As he clattered down the companionway to the Captain’s cabin, Bush could not help reflecting that his father was right—as usual.
Pushing all thoughts of his father aside, he drew back his shoulders and knocked on the door that led to the Captain’s office cabin, through his Secretary’s miniscule outer office.
“Hello, Sir. The Captain’s just finished on the phone to Fleet HQ. You’re to go straight in,” said the Secretary, an earnest, bespectacled officer wearing the two-and-a-half rings of a Lieutenant Commander, who had stood up as Bush walked in.
“Enter,” came a drawled command from the half-open door of the Captain’s office.
Bush went into the cabin and closed the door behind him, saluting as he did so.
Commodore Tony Narborough pointed at the hardbacked seat in front of his desk. A tall officer in his early forties, with a receding chin and hair brushed straight back from his forehead, like a 1950s film star, he affected (ridiculously, thought Bush) a primrose-yellow, silk paisley-pattern cravat with his navy-blue, working-rig shirt. The grandson of an Admiral, his father had been a Lloyd’s “name” who had been declared bankrupt following the Lloyd’s crash of the early 1990s. Destined for Eton, Narborough had instead been sent to the local comprehensive, where he had been hardened by the insults and fists of the other boys.
Disgusted by what the City had done to his father, he had joined the Navy, driven by an ambition to restore the family’s good name and become an Admiral. And he’d done all the right things so far: he’d been Flag Lieutenant to a high-flying admiral, played cricket for the Navy, commanded a dashing frigate and then a helicopter carrier ahead of his peers, before heading up the Ministry of Defense branch responsible for planning the size and shape of the Royal Navy. Knowing that his future promotion depended on it and that to show any dissent was career suicide in a political world of harsh financial cuts and military restraint, Narborough had delivered exactly as his masters had demanded.
He’d helped push through the cuts in escort frigates and destroyers, in order to find the money to finish building the over-budget and much-delayed carriers. The last government had concluded that it was politically more acceptable to scrap small surface ships than declare the carriers to be “white elephants” and scrap them. Bush had a certain sympathy for Narborough on that near impossible call; any naval officer formally advising the scrapping of the iconic carriers would be dead Navy meat.
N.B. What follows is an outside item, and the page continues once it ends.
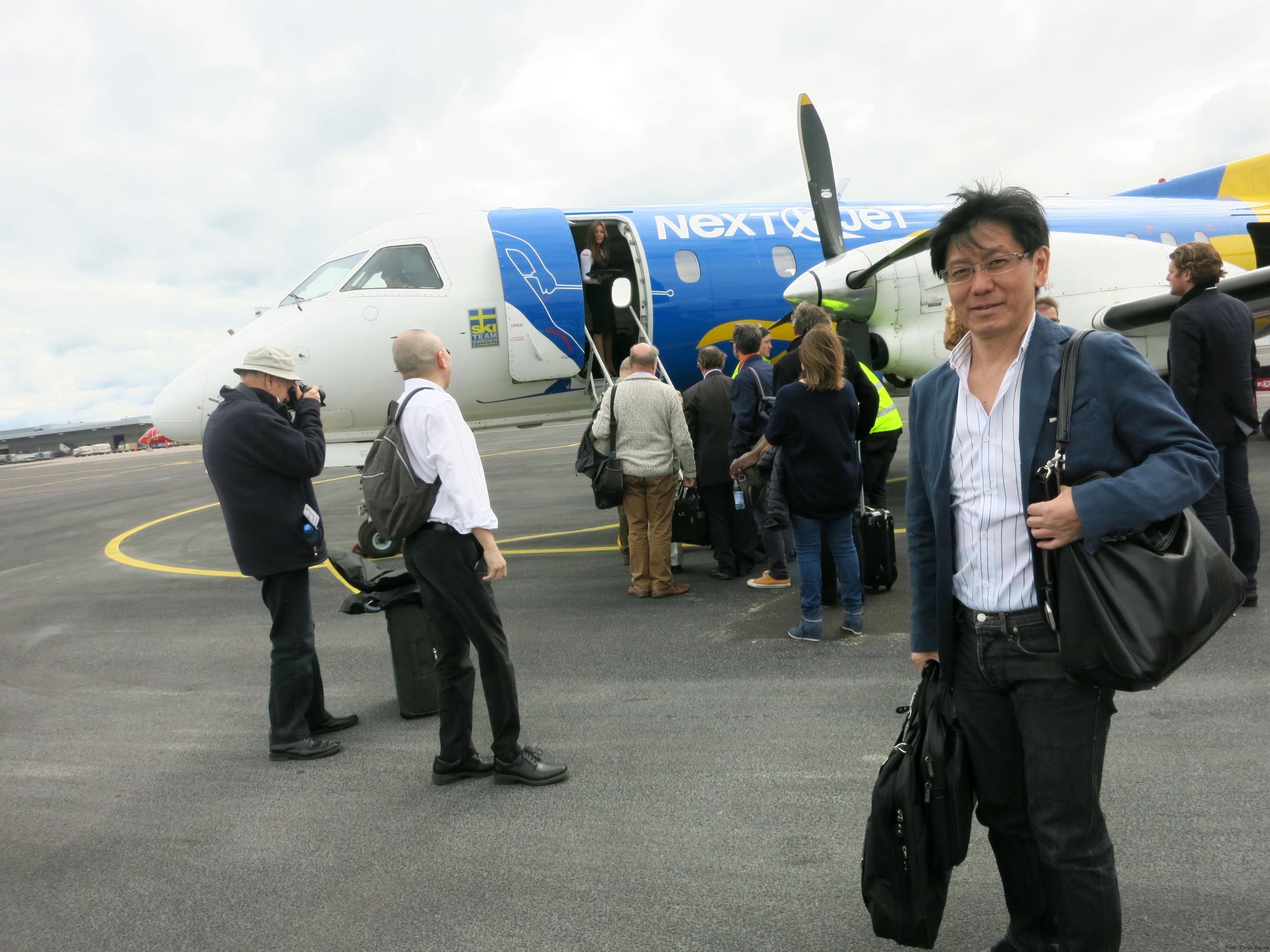 - チャーター機に乗り、ストックホルムからオーランド諸島の主都マリエハムンへ。

It was therefore no surprise when he was rewarded with the command of
“What ho, Number One,” said Narborough. “How are things going?”
Bush sat down in the proffered chair and pulled out his notebook.
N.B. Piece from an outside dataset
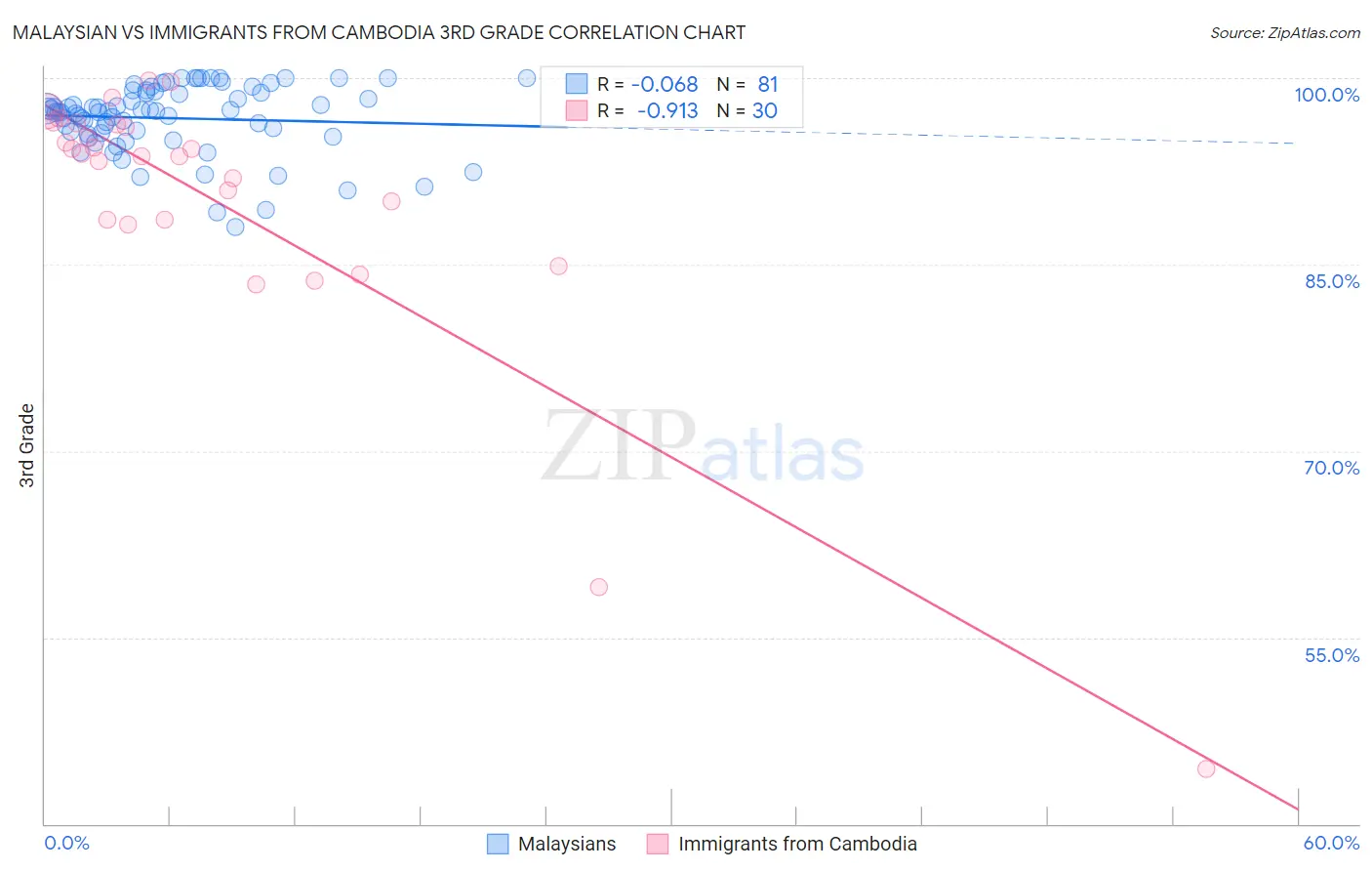 Malaysian vs Immigrants from Cambodia 3rd Grade Correlation Chart

“I’ll give you a detailed state of play at this evening’s O Group, Sir, when the Heads of Department will also brief. Right now, Warfare, Supply and Marine Engineering are on track. I’ll be happier when Weapons Engineering sort out the problems with the Phalanx anti-missile system. But the big issue is aircraft.”
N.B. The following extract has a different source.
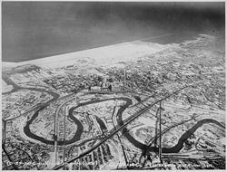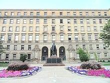 Cleveland was hit hard by the Wall Street Crash of 1929 and the subsequent Great Depression. A center of union activity, the city saw two major strikes by workers in this period, against Fisher Body in 1936 and then against Republic Steel in 1937.[31] The city was also aided by major federal works projects sponsored by President Franklin D. Roosevelt's New Deal.[56] In commemoration of the centennial of Cleveland's incorporation as a city, the Great Lakes Exposition debuted in June 1936 at the city's North Coast Harbor, along the Lake Erie shore north of downtown.[57] Conceived by Cleveland's business leaders as a way to revitalize the city during the Depression, it drew four million visitors in its first season, and seven million by the end of its second and final season in September 1937.[58]

“Continue,” said Narborough.
“Sir.” Bush took a deep breath. “You’re not going to like what I have to say, but I’ll say it anyway.” This would not be the first time he had spoken bluntly to a senior officer, hence, despite his highly successful command tour on a frigate, his reduced chances of commanding anything else. “But to take a carrier to sea to fight the Russians, without the aircraft which are its principal weapons system, is asking for trouble.”
Bush was a seaman to his core, but he’d kept a watchful eye on the F35B Lightning II joint-strike program, was well briefed on the cost overruns and delays to the program, and was aware of the technical glitches with both software and hardware that had delayed their introduction into service.